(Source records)
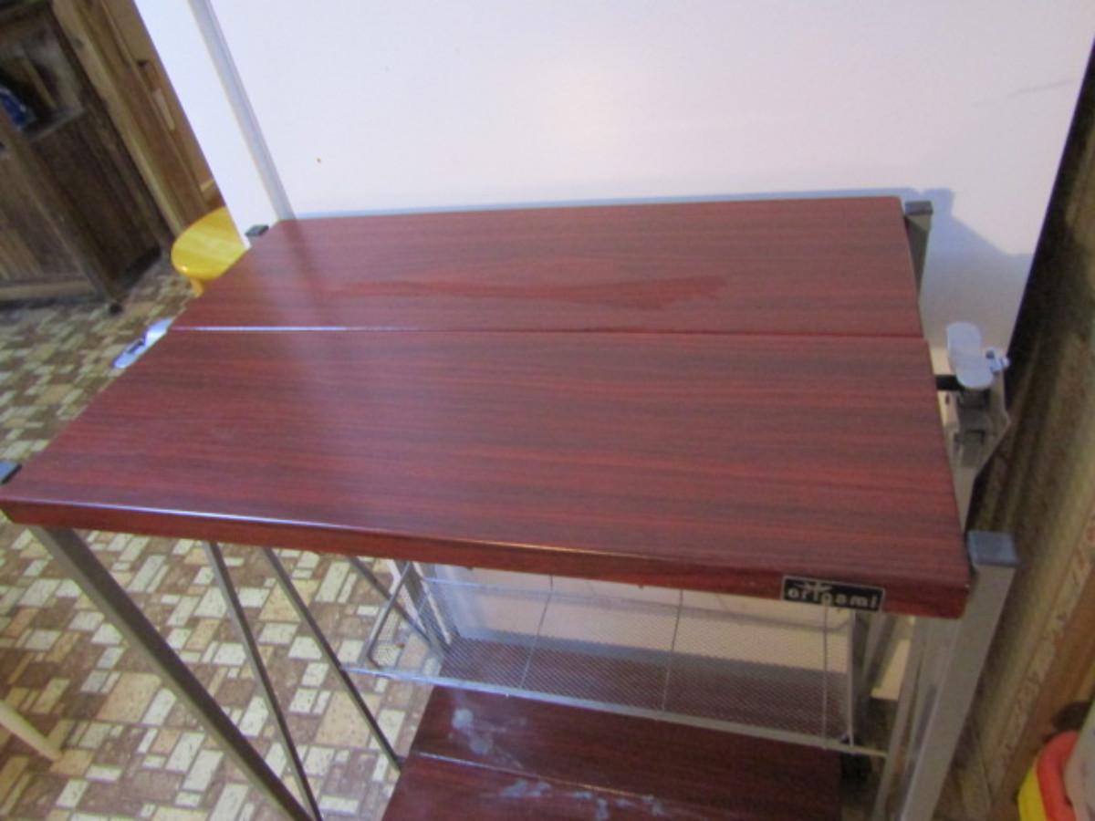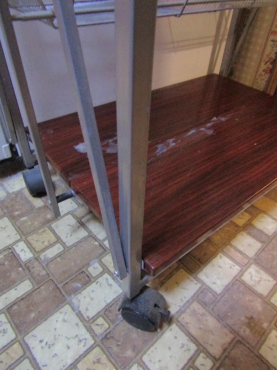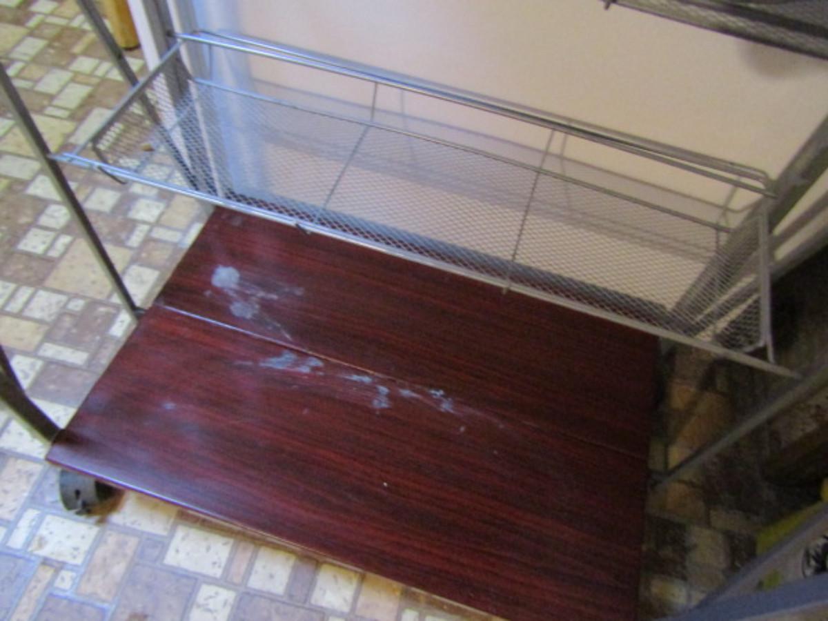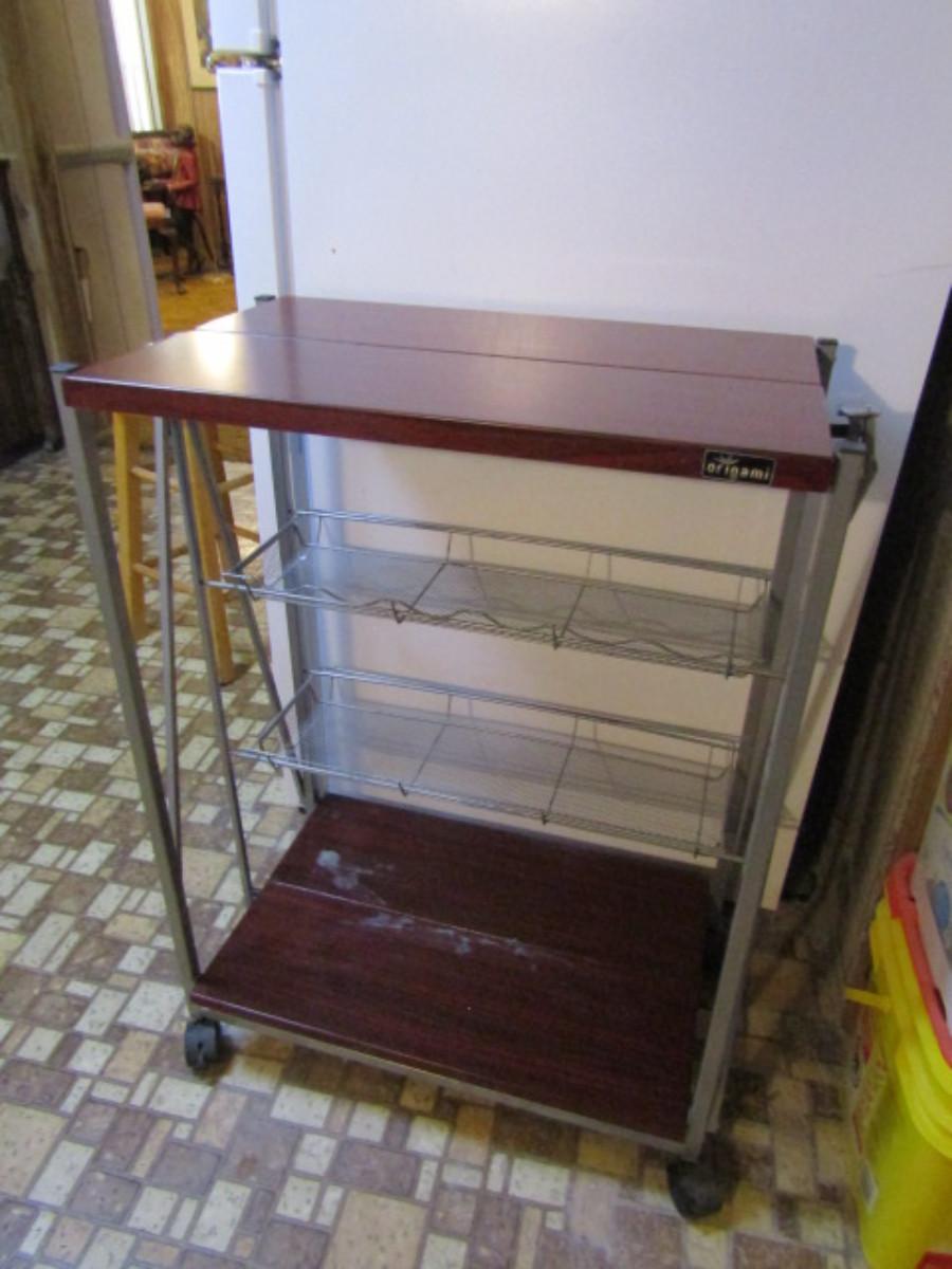 Origami Rolling Shelf with Attached Wire Storage Baskets- Choice A. Bottom shelf needs to be cleaned.
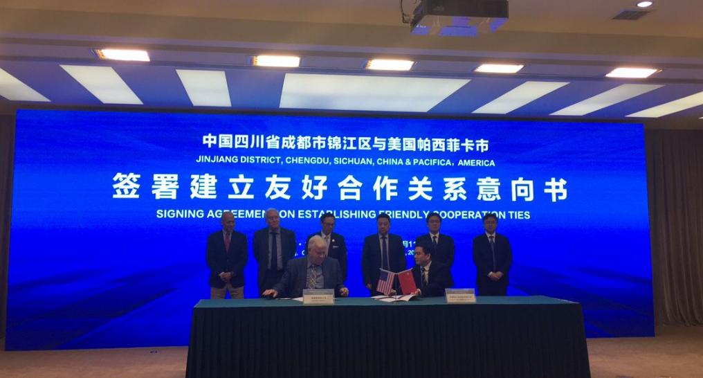 成都市锦江区与美国帕西菲卡市签订友好合作关系意向书。
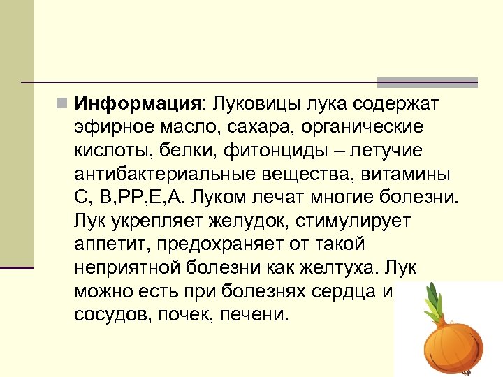 n Информация: Луковицы лука содержат эфирное масло, сахара, органические кислоты, белки, фитонциды – летучие антибактериальные вещества, витамины С, В, РР, Е, А. Луком лечат многие болезни. Лук укрепляет желудок, стимулирует аппетит, предохраняет от такой неприятной болезни как желтуха. Лук можно есть при болезнях сердца и сосудов, почек, печени.
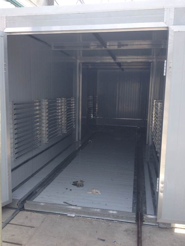 3)、室體結構:進、出口設置風幕,有效防止熱空氣外逸,減少熱量損失。室體內壁板:δ1.2mm鍍鋅板。室體外壁板:≥δ0.4mm彩色瓦楞板或彩鋼板。室體骨架:采用方管等型材。
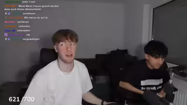 00:00:43Es wurde offiziell eine YouTuber-WG gegründet. Es wird über ein Placement gesprochen, das in Dollar statt Euro ausgehandelt wurde, was aufgrund des Euro-Kurses zu finanziellen Einbußen führte. Es wird gescherzt über das Zusammenleben mit einem 16-Jährigen und das 'Klären' von Frauen. Es wird über das T-Shirt des Streamers diskutiert, das bald erscheinen soll, und über vermeintliche Schönheitsmerkmale. Der 16-jährige WG-Mitbewohner wird für seine Schlafgewohnheiten aufgezogen. Es wird darüber gesprochen, wie man Zuschauerinnen 'klären' könnte, wobei ein Discord-Call namens 'Frauenklären' erwähnt wird. Es wird überlegt, wie man Frauen auf verschiedenen Plattformen anspricht und 'verteilt'. Es wird über den Dönerladen des Vaters gesprochen, der in der Mehmetallee 1 liegt und für sein besonderes Fleisch bekannt ist. Es wird die Idee eines 'Haram-Döners' mit Schweinefleisch diskutiert und als Marktlücke erkannt.
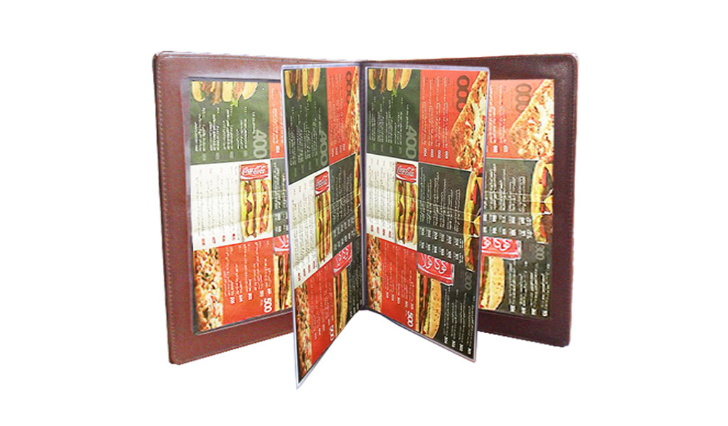 منوی رستوران کتابی جلد چرم دارای دو قاب در کناره های جلد برای قرار گیری دوبرگ منو و دو برگ در وسط برای قرار دادن 4 برگ منو بصورت پشت و رو می باشد سایز منو رستوران A4 و جمعاً 6 برگ منو را در خود جای می دهد .
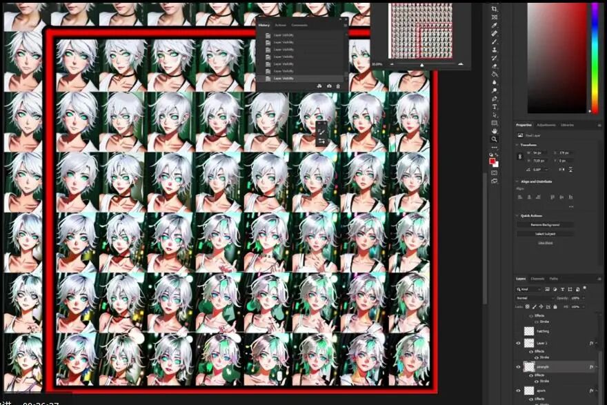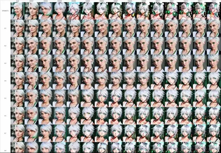 这是Photoshop里的视图,横轴是X,竖轴是Y,这时候我们可以选择应该进一步测试哪个回合了。有人建议,LoRA强度为1的时候不应该有过度拟合。幸运或者不幸的是,由于尝试了很多次,我们并没有得到特别糟糕的结果。

• **HOW TO COMPLETE THIS TASK**
After locating "成都市锦江区与美国帕西菲卡市签订友好合作关系意向书。" and "3)、室體結構:進、出口設置" in the records above, return exactly the line holding each one and every line between them; leave out the pictures.

• **TASK ANSWER**
 成都市锦江区与美国帕西菲卡市签订友好合作关系意向书。
 n Информация: Луковицы лука содержат эфирное масло, сахара, органические кислоты, белки, фитонциды – летучие антибактериальные вещества, витамины С, В, РР, Е, А. Луком лечат многие болезни. Лук укрепляет желудок, стимулирует аппетит, предохраняет от такой неприятной болезни как желтуха. Лук можно есть при болезнях сердца и сосудов, почек, печени.
 3)、室體結構:進、出口設置風幕,有效防止熱空氣外逸,減少熱量損失。室體內壁板:δ1.2mm鍍鋅板。室體外壁板:≥δ0.4mm彩色瓦楞板或彩鋼板。室體骨架:采用方管等型材。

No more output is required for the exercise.